Катарина, по всей видимости, была близка к потере сознания и с трудом превозмогала душевный трепет:

- Я люблю тебя, люблю. Я всегда любила тебя. И тогда, когда ты был со мной рядом, и потом, когда ушел не простившись, и сейчас, после того, как я узнала, кто ты. И этого никак не изменишь. Я готова ради тебя на все. Скажи мне, что я должна умереть, и я умру не задумываясь. Прикажи жить, и я останусь...

- Катарина! - Бертран перебил ее и, обняв еще сильнее, продолжил. - Поклянись мне в этом ребенком, которого ты носишь под сердцем! Я знаю, что так ты не посмеешь мне солгать.

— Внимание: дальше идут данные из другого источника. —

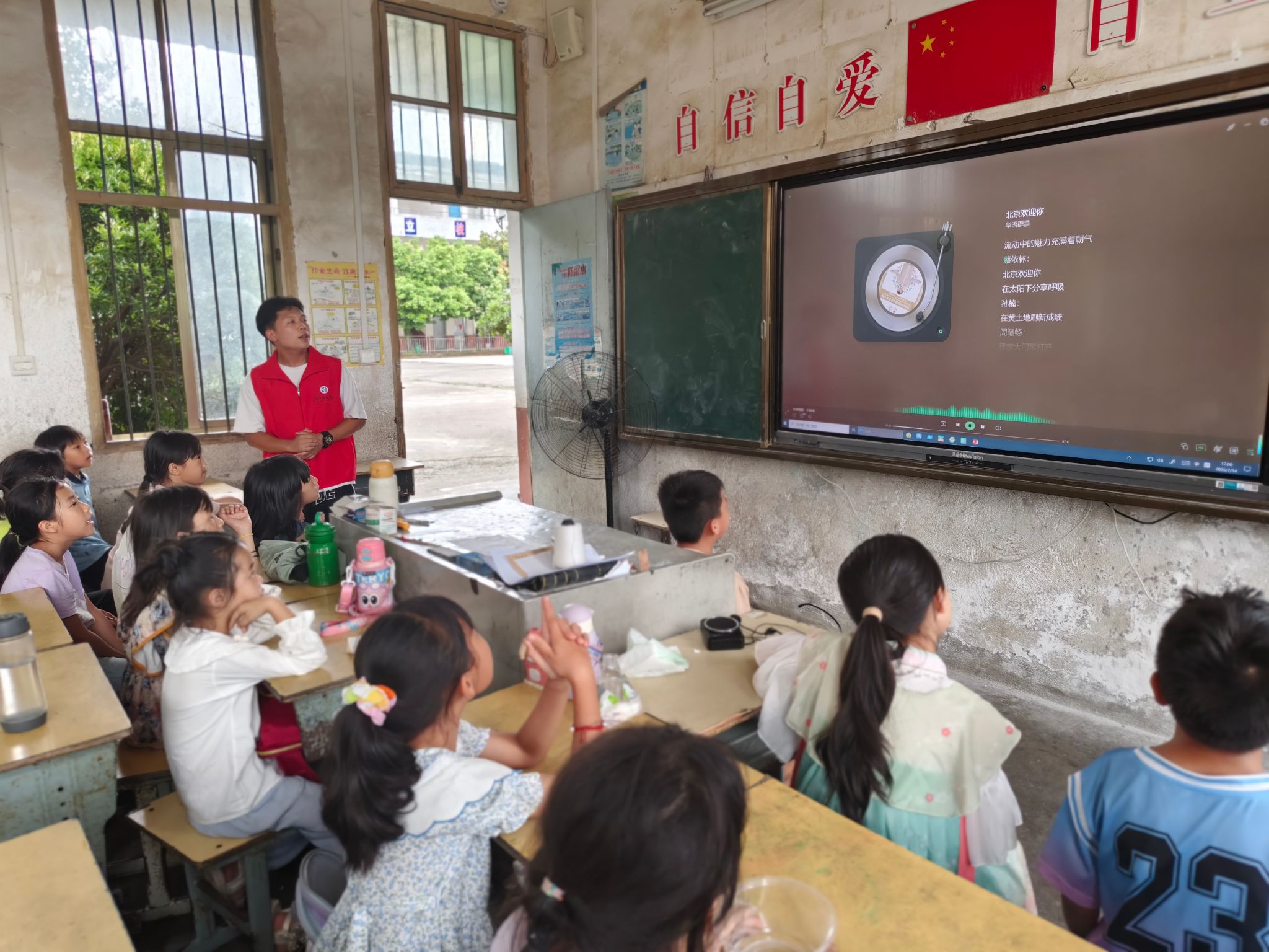 音乐是传递情感的桥梁。当《北京欢迎你》的旋律响起时,孩子们情不自禁地跟着节奏拍起了手。志愿者向鼎文领唱:“我家大门常打开——”,孩子们充满热情的歌声随即充满教室。六岁的张紫涵唱到“开放怀抱等你”时,自然地张开双臂做出拥抱的动作,引得周围的同学和志愿者会心一笑,向鼎文解释道:“爱国也可以像热情欢迎客人来自己家一样,是一件温暖而值得自豪的事情。”

- Я готова поклясться тебе чем угодно! - сказала она, поднимая на графа заплаканные глаза. - Я клянусь тебе и нашим ребенком, и всей моей жизнью, что это ни что иное, как любовь!

- Любовь? - Бертран задумчиво отпустил руки и отошел к окну, - Значит это чувство все-таки существует? Ты любишь меня, а значит...

"Значит, я не раздумывая женился бы на тебе, не будь ты дочерью башмачника... - подумал он, по привычке взъерошивая волосы. - Однако надо как-то устроить твою судьбу".

- Я не буду против, если ты выйдешь замуж, - сказал он, резко бросая на стол увесистый кожаный мешок, из которого высыпались золотые монеты. - Мне, конечно, приятно слышать все эти признания, но... Сама понимаешь, мое положение несколько обязывает. Поэтому, если тебе когда-нибудь, что-нибудь понадобится, то не стесняйся. Приходи и проси. Но знай, что этот ребенок мне никто.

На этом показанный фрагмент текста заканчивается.